Ohne Schaudern am Abgrund

Symphoniker unter Boreyko mit Spätwerken von Mahler und Schostakowitsch.

Düsseldorf. Mahlers Zehnte und Schostakowitschs 15. Symphonie bilden beim 3. Städtischen Konzert unter der Leitung von Andrey Boreyko in der Tonhalle eine Allianz letzter musikalischer Worte. Dadurch ergibt sich eine Konstellation von starker Spannung, die einmal durch die Kontraste der Personalstile entsteht, aber auch durch die Gemeinsamkeit des symphonischen Abschiednehmens. Mit den beiden Spätwerken geht jetzt auch der Düsseldorfer Mahler-Zyklus zu Ende.

Die Symphoniker besitzen genügend Spielkultur für Mahler.

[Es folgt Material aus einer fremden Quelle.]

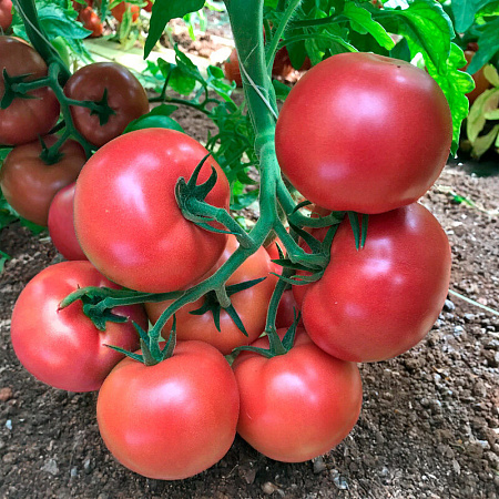 Особенности: Мощное растение с интенсивным ростом, короткими междоузлиями, сильной корневой системой и тёмно-зелёной листвой, защищающей плоды от ожогов. Сохраняет крупноплодность на всех кистях, хорошо выдерживает плодовую нагрузку.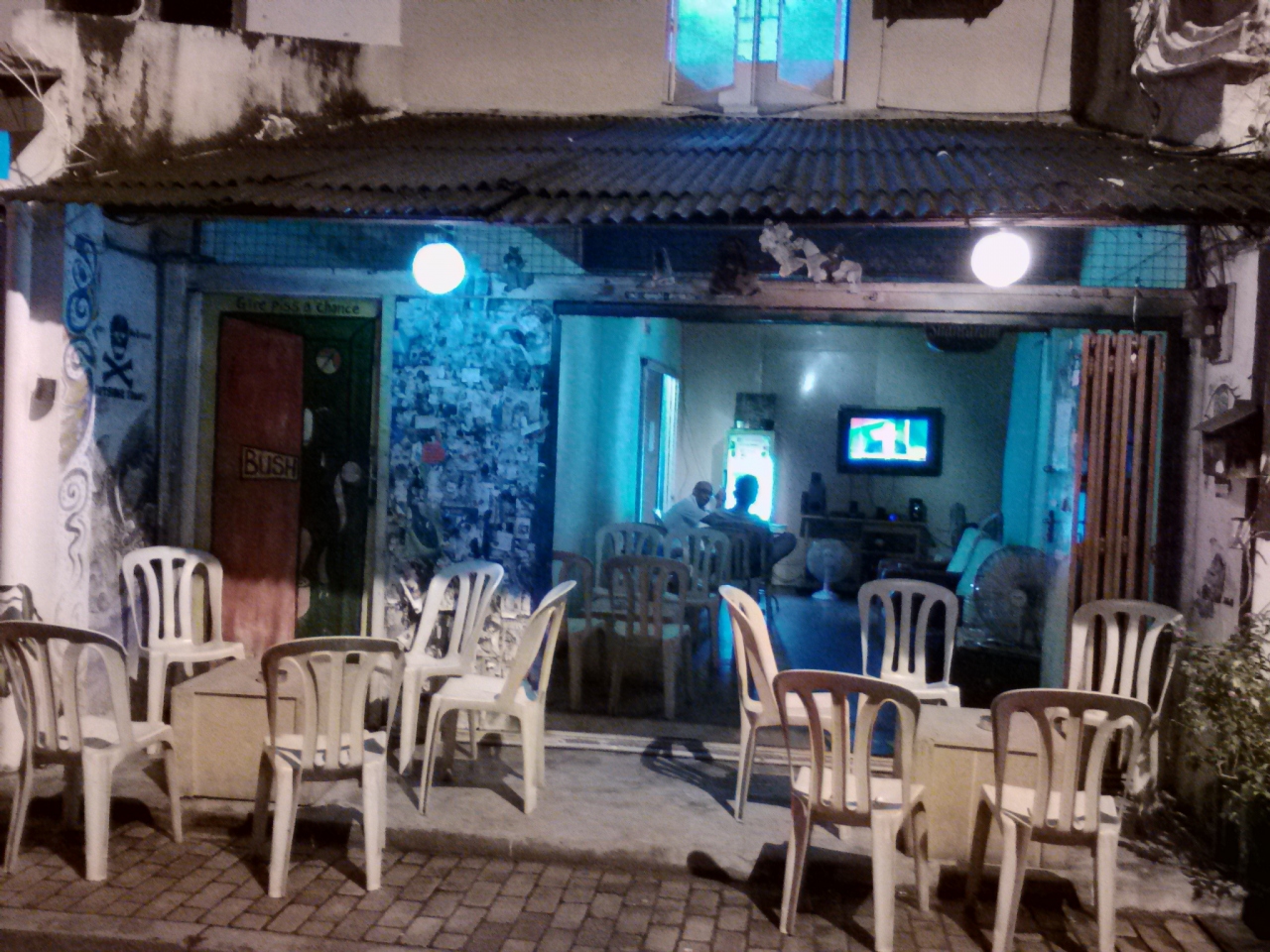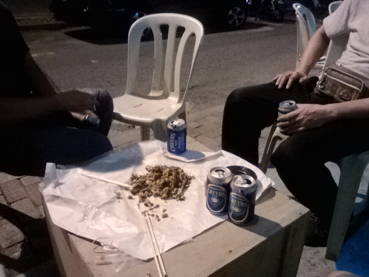 ジョンカーストリートの1本北隣りの通り。なのに観光客の喧騒はなく落ち着いた雰囲気です。中国寺院やヒンドゥー寺院、モスクが並んでおり多民族国家らしいところとも言えます。ゲストハウスやギャラリー、商店などもありますがちょっといい感じのビールが飲めるバーを発見しました。バーといってもカウンターの奥にシブいマスターがいるムーディーなお店ではありません。ただのおやじがいるローカル食堂のようなところです。場所はハーモニーストリート南端のオランウータン ハウスから50mほどのところ。店名は「Shantaram」、サンスクリット語で「平和を愛する人」と言う意味らしいですが看板は出ていません(店内にはある)。Tiger/Carlsberg(7RM)、Royal staut(6RM)、Chears(5RM)で飲めます。350ml缶です。開店は21:00からなのであしからす。通り沿いにイスとテーブルが出ています。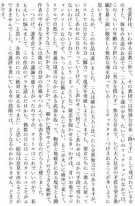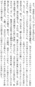 ●小説すばる新人賞の選考委員は、五木寛之・北方謙三・辻村深月・宮部みゆき・村山由佳(五十音順)の五氏です。五氏それぞれが最終候補作3作について書かれた《選評》のうち、「ギアをあげた日」の箇所のみ、次に抜粋します。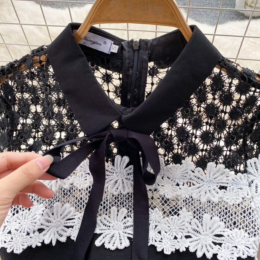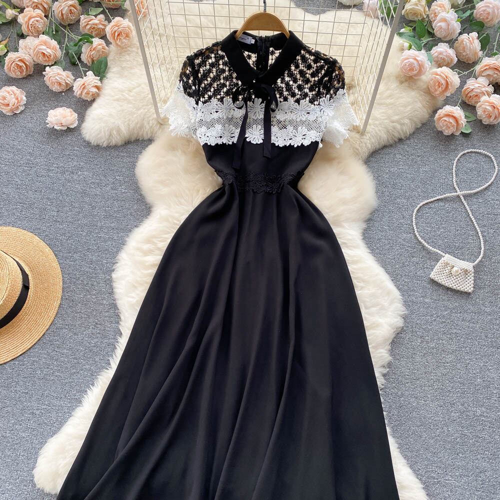 レトロヘップバーンスタイルリトルブラックドレス 2022 新気質スリムミッドレングスステッチ中空レースドレス女性の夏 サマー 夏物 lyxaj63181115351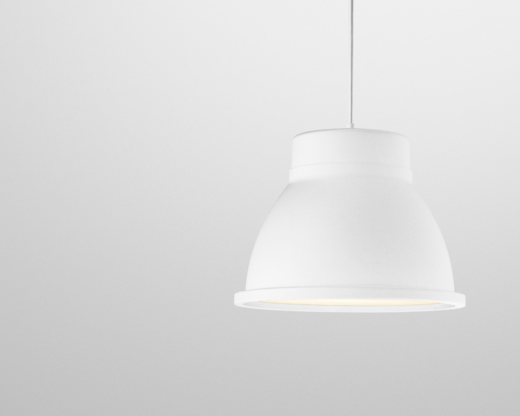 The Studio pendant light has an industrial look and feel. Made from solid aluminium and available in a range of colours, it stands out in larger spaces.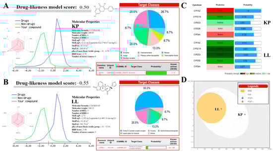 Bioinformatic analysis of pharmacological and toxicological properties of KP and LL.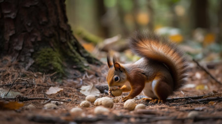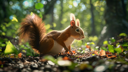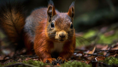 A captivating close-up of a vibrant red squirrel amidst the forest floor. Its captivating gaze and rich fur are beautifully captured.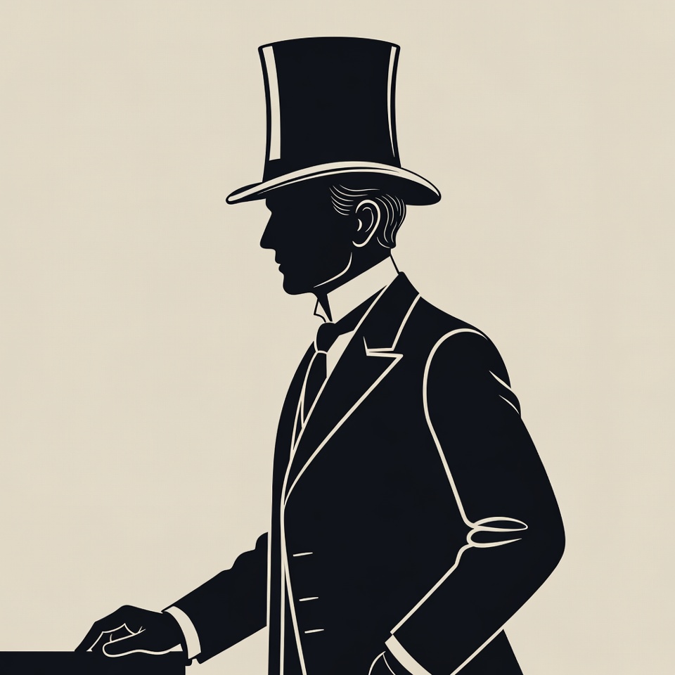 A black silhouette illustration of a man in profile view wearing a tall top hat, tuxedo jacket, bow tie, and white shirt. He stands with his right hand resting on a surface and gazes to the side. The image features a simple beige background with clean line art.

Das Adagio der Zehnten können sie technisch sauber und musikalisch nuancenreich gestalten. Doch leider zündete es am Freitag nicht so richtig. Boreyko fiel zwar mal wieder durch eine ausgetüftelte Zeichengebung auf, bei der man auch ahnt, wohin er will, ein entsprechendes Ergebnis dann aber nicht so richtig hört. Es sieht manchmal aus, als sei der Dirigent durchströmt von rhythmischen Feinheiten und einer spezifischen Klangvorstellung.

Aber die akustische Verwirklichung will nicht hundertprozentig gelingen. Heraus kam nun ein Mahler ohne grobe Schwächen, aber auch bar einer besonderen Magie. Das symphonische Formgebilde entfaltete nicht die rechte Spannkraft, thematischen Entwicklungen fehlte das Zwingende. Vor allem dem dynamischen Höhepunkt mit seinem dröhnenden Moll-Akkord, der so packend schauerlich die Tonarten durchwandert und sich mit Dissonanzen anreichert, fehlte es an Wucht. Das ist eine Stelle, die kann so erschreckend wirken, als blicke man in einen Krater mit dunkel glühender und wabernder Lava. Doch vor dieser Passage, wie sie jetzt erklang, gruselte man sich nicht mehr als vor einem Maar in der Eifel.

Einfallsreicher und mitreißender musiziert man in der Schostakowitsch-Symphonie, der letzten des russischen Komponisten. Mit diesem Opus aus dem Jahr 1971 schließt sich das Kapitel der großen russischen Symphonien, das ein Jahrhundert zuvor bei Tschaikowsky seinen Anfang nahm. Es schien, als würde das Orchester dem Dirigat jetzt mehr Aufmerksamkeit schenken. Die heiteren Rossini-Zitate (der populäre Tell-Galopp) kamen mit Spielwitz daher und die von beklommener Endzeitstimmung kündenden langsamen Sätze brachte man bewegend zum Sprechen.